Even my most committed clients have to truly go through the transformational process to reach their goals.
Mia had been in one long term relationship that ended years ago and had been single for a long time. She told me in one of our first sessions that her ex had left her for someone else which had created a huge fear of rejection and feeling that she wouldn't be enough for a partner. While she was a successful business woman, she was consumed by the fear that she wasn’t attractive enough to find love.
So much so that she wasn’t dating and she was unable to really engage with the men that she was interacting with in her life. She had never tried dating online or using any dating applications and was scared to start.
As we started working together we went through the process starting with the first of three phases, what I call ‘Being the right partner’ and we were able to identify what was standing in the way for her. This included the heavy emotional baggage that she was burdening herself with along with her unhealthy dating (or lack thereof) patterns and primarily her damaging beliefs and overall mindset.
For Mia we had to develop concrete and programmatic support and advice about how to find the right partner for her. I held her hand through the process of facing her fears and doing the work she needed to be able to start actively dating again. We even finally helped her set up a profile on a dating app.

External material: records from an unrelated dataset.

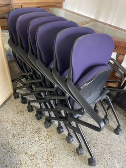 Set of 6 Quality Rolling Nesting Office Chairs, Purple. 🚚 extra$250Milwaukee, WI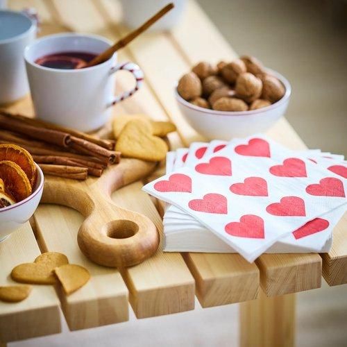 IKEA イケア 紙ナプキン ハート ホワイト/レッド 33x33 cm 30 ピース m60603795 VINTERFINT ヴィンテルフィント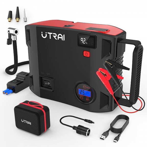 Пуско-зарядное устройство 24000 мАч, встроенный воздушный компрессор, ЖК-экран. светодиодный фонарь; U-пит. 5 В/2А (type-C), выходы USB1 5В/3А, USB2 5В/2А, DC 5.5x2.1 12В/8А, EC5 12В/I-пуск. 200 А, t-раб.-20…+75°C, габ.размеры 201х154х77 мм. Может запускать бензиновые двигатели до 8.0л и дизельные до 6.5 литров. В комплекте: пусковые провода с зажимами "крокодил", кабель питания type-C, переходник DC 5.5x2.1 на прикуриватель, адаптеры для компрессора 3 шт., сумка.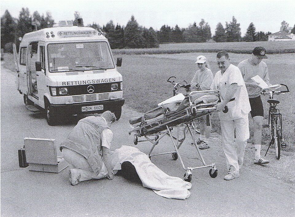 Weniger Jahre später, genauer gesagt 1995 vereinten sich die Frauenbereitschaft und die Sanitätskolonne der Männer unter dem ersten Bereitschaftsleiter Matthias Ruoff mit Stellvertreterin Astrid Horn zur Bereitschaft Grünwald. Diese Bezeichnung hält bis heute an! Kurz darauf wird wiederum durch Spenden und viel Engagement der Mitglieder ein neues Mehrzweckfahrzeug vom Typ Mercedes Sprinter beschafft und löst so den alten VW Bus nach gut 10 Jahren ab. Dieses bodenständige Auto wir heute noch als First-Responder-Fahrzeug genutzt. Ebenfalls stolz darauf sind wir die erste Bereitschaft Münchens zu sein, die sich 1999 im Internet präsentierte.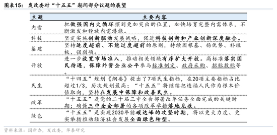 发布会上,发改委对“十五五”期间,内需、科技、基建、开放、民生、改革和绿色发展等提及的重要议题进行了方向性的展望。明确了“十五五”期间:1. 做强国内大循环摆到更突出的位置;2. 坚持创新驱动,科技创新和产业创新深度融合;3. 基础设施建设坚持适度超前但不过度超前原则推进;4. 进一步推动相关领域有序扩大开放并保障外资企业公平采育标准制定、政府采购和招投标等;5. 坚持在发展中保障和改善民生;6. 确保三中全会部署的改革措施落地见效;7. 更大力度和更实举措推动经济社会发展全面绿色转型。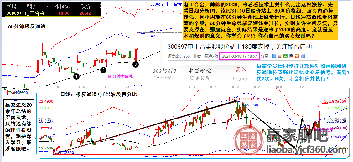 電工合金,帥帥的20CM,來看看技術(shù)上憑什么走出這根漲停。先看日線分析圖,該股3月10日股價站上180度價格線,波段內(nèi)趨勢轉(zhuǎn)強,且小周期在60分鐘生命線上穩(wěn)步運行。日線沖高藍線受阻震蕩的個股,60分鐘生命線就是短線關(guān)注位,實則允許空間反復,只要支撐在,那股就在,實際結(jié)果是迎來了20CM的高度。這就是技術(shù)和規(guī)則的意義,你學會了嗎?你有自己的買賣規(guī)則嗎?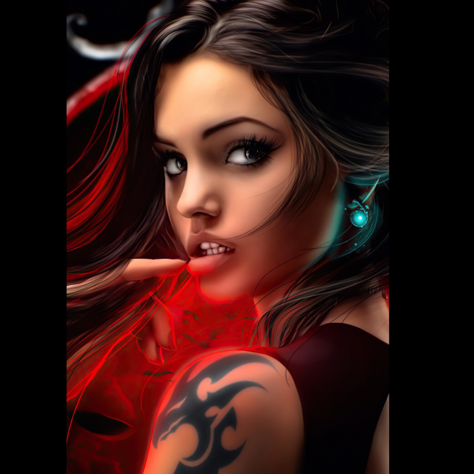 Female glitch-rock fused with alt-R&B croon and a DnB backbone, Sleazy fuzz bass, glassy darkwave pads, rhythmic vocal-chop gates, metallic ride patterns, halftime→doubletime flips, Pre-chorus tightens with dissonant post-hardcore voicings; Chorus detonates with soaring emo-pop topline over grinding guitars, Short Amen solo after Chorus 2, then a cinematic string-stab bridge with glitch-freeze and drop-in scream pickup, Vocal style: seductive, breathy female lead with erotic “mmh” ad-libs and soft gasps (non-lexical), close-mic intimacy, light lip/tongue clicks on downbeats, sultry vibrato in choruses, micro-growls on line-ends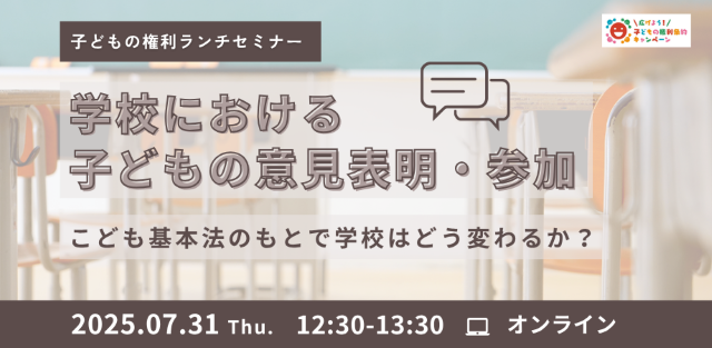 【子どもの権利ランチセミナー】学校における子どもの意見表明・参加 ~こども基本法のもとで学校はどう変わるか?~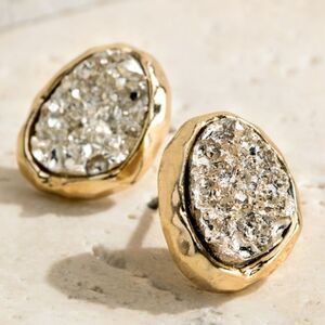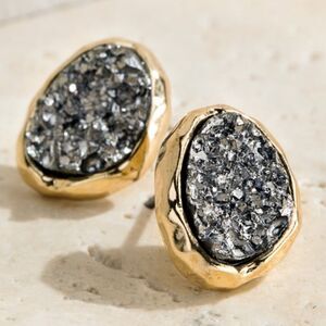 These are just beautiful, dainty and eye catching oval drusy post earrings in hematite and rose gold. They are Nickle and lead compliant. The approx length is .50" and width .25"

It was through that dating app that Mia would meet her future partner who was thrilled to be with such a wonderful woman. On their first date they went on a hike in the Swiss Alps. She called me worried about the date, immediately embarrassed thinking about how he would be behind her and they would be walking uphill. She was convinced that he probably would be thinking that her butt was huge! Clearly she still had some insecurities to deal with. :)

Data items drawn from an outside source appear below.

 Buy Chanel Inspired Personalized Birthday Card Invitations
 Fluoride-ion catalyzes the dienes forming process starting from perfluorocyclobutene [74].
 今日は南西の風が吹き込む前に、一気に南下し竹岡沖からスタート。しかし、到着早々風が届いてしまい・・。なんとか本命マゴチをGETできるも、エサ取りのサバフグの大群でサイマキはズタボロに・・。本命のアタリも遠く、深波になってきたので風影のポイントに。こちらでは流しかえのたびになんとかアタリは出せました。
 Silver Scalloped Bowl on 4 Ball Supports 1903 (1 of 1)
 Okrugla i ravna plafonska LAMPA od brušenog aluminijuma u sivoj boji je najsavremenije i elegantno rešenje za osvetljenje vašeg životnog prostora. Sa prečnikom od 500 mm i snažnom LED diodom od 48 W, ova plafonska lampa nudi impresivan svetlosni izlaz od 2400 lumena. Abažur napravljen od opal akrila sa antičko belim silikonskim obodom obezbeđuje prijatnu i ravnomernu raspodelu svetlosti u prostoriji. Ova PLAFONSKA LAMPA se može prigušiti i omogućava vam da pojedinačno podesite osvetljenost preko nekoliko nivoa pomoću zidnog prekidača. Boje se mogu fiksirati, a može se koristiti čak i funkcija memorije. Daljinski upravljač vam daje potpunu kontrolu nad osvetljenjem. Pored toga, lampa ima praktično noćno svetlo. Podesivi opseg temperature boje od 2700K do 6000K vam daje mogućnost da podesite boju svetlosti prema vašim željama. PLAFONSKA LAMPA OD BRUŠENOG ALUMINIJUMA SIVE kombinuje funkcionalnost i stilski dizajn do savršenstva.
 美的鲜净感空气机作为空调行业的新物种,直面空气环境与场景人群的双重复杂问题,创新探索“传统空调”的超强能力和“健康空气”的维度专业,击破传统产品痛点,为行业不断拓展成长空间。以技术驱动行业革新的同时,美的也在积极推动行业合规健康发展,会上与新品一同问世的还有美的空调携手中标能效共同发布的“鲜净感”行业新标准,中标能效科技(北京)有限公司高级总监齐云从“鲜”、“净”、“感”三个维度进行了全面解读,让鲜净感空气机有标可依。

He suggested a hike because they both loved nature and suggested that at the end they could go to thermal baths. At first she enthusiastically said ‘yes’ but then felt uncomfortable thinking about being in a bathing suit on the first date.

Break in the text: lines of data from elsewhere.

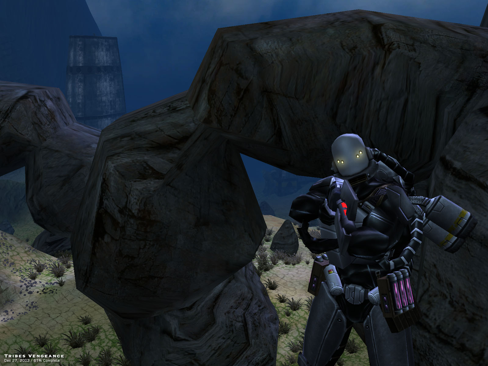 現在のデモを見るだけでは,そう判断されても仕方ないかもしれません。しかし,例えばパック一つをとっても大きく変化しており,クラス作りを明確にするという点で前作以上のデキになっているのは確かです。Tribes:Vengeanceにおけるパックは,アクティブ(能動的/プレイヤーの操作で発動)とパッシブ(受動的/自動的にプレイヤーに与えられる能力)の二つの要素で成り立っており,現在公開できる唯一の「エネルギーパック」を例に出すと,アクティブはスピードブーストで,より高い場所にまで飛び上がれたりする能力,そしてパッシブはより高速でリチャージできたりする能力です。どちらかといえば,スカウトやスナイパー系のプレイに向いていますね。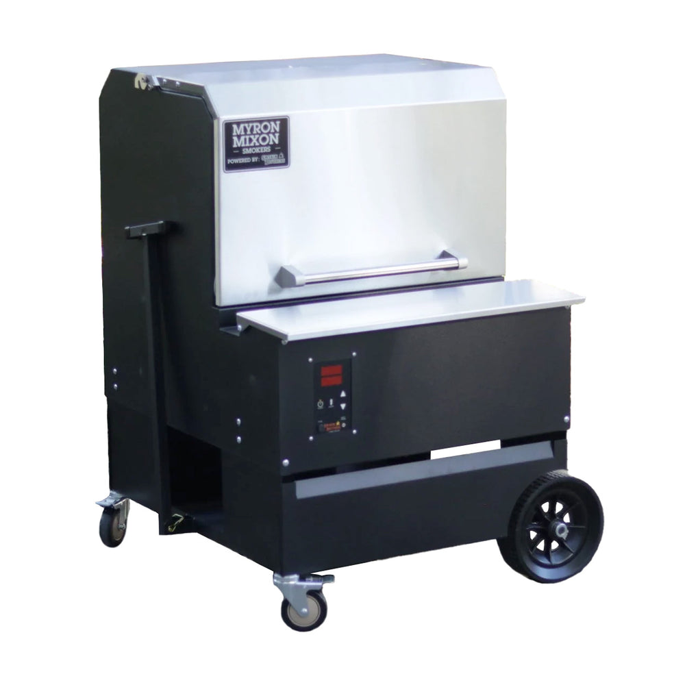 Whether for backyard family BBQs, competitions or anything in between, the BARQ 2400 Generation 3 Wood Pellet Grill from Myron Mixon & Smokin Brothers will take your cook to the next level. This Generation 3 BARQ-series grill moves the hopper to the front of the grill — unlike the industry standard of side placement — resulting in several benefits including an awesome front work surface, the ability to easily build into outdoor kitchens, and increased auger efficiency.
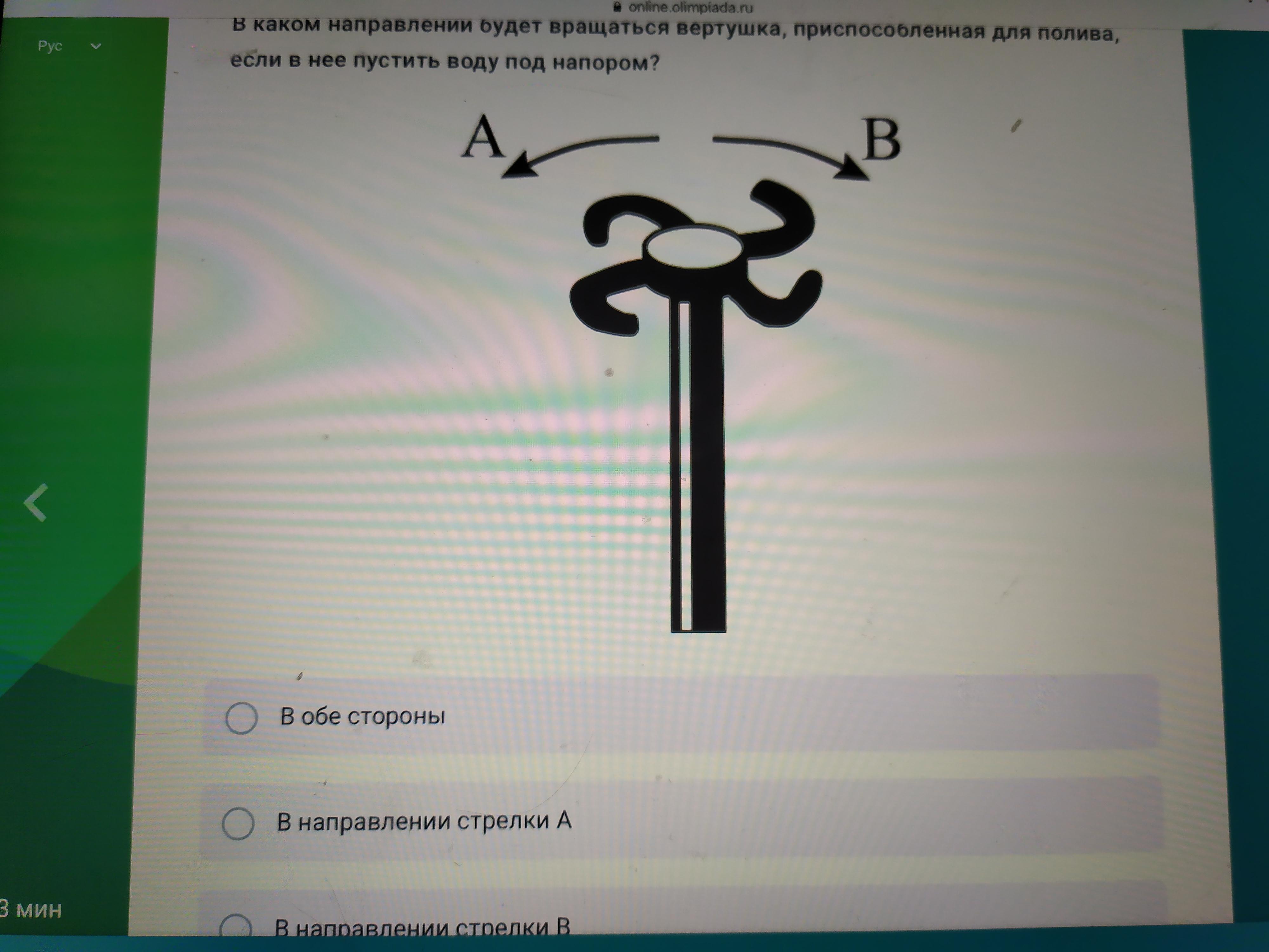 Потоки воды будут отталкивать вертушку в противоположном направлении.

In our coaching session I helped her overcome her insecurities about the hike. I also helped her come up with a way to communicate that she wasn’t comfortable going to the thermal baths on a first date. She politely shared with him that she wouldn’t go to the baths but was otherwise excited for the date.
The date went wonderfully and they are now a happy couple and have been together for six years.
Mia wrote to let me know that they just bought a beautiful new apartment together. I have their postcard in my kitchen. Funny enough the picture shows Mia sitting on a beautiful leather sofa but this time Mia is beaming into the camera with her husband’s arms wrapped snugly around her, their two little girls playing at their feet. She told me that she wished she had just put finding love first years before and she could have enjoyed this life a lot sooner.
Mia was one of the first clients I coached after I realized the importance of the coaching aspect of finding love. Before then I just set clients up on dates because that is what singles told me they were looking for. Once I realized that this had a low success rate I went back to school to study the intricacies of dating and relationships and the psychology behind them. I am now an award winning dating expert and science-based dating and relationship coach and I’ve seen the impact that my method of BEING, FINDING and CHOOSING the right partner has on finding long lasting partnership. Thanks to this I get to hear beautiful stories like Mia’s from my clients.
Look around at your life and what it is made up of. Whatever you see is what you have made a priority. Stop putting off making your personal life a priority so that you can start to enjoy the life you’ve created with someone else NOW. Don’t wait and wish you could have started your life with them years before.
Whatever your situation is, NOW is the time to start.